Verse 32. The decree of Esther confirmed these matters] It was received by the Jews universally with all respect, and they bound themselves to abide by it.

The Vulgate gives a strange turn to this verse: Et omnia quæ libri hujus, qui vocatur Esther, historia continentur ; "And all things which are contained in the history of this book, which is called Esther."

The Targum says, And by the word of Esther all these things relative to Purim were confirmed; and the roll was transcribed in this book.
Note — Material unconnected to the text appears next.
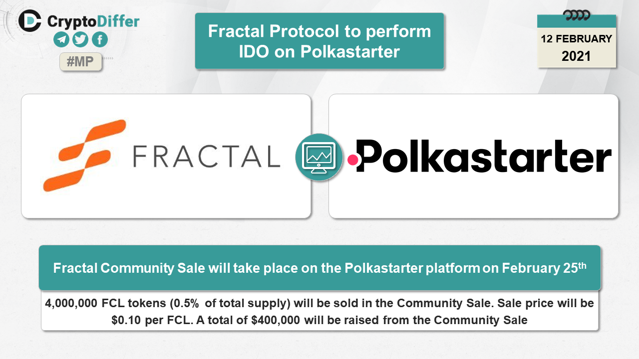 Fractal Community Sale will take place on the Polkastarter platform on February 25th. 4,000,000 FCL tokens (0.5% of total supply) will be sold in the Community Sale. Sale price will be $0.10 per FCL. A total of $400,000 will be raised from the Community Sale.

The Syriac is the same as the Hebrew, and the Septuagint in this place not much different.

NOTES ON CHAPTER X. Verse 1. Laid a tribute upon the land] On the one hundred and twenty-seven provinces of which we have already heard.

The isles of the sea.] Probably the isles of the Egean sea, which were conquered by Darius Hystaspes. Calmet supposes that this Hystaspes is the Ahasuerus of Esther. Verse 2. The book of the Chronicles-of Media and Persia] The Persians have ever been remarkable for keeping exact chronicles of all public events. Their Tareekhs, which are compositions of this kind, are still very numerous, and indeed very important.

Verse 3. Was next unto King Ahasuerus] He was his prime minister; and, under him, was the governor of the whole empire.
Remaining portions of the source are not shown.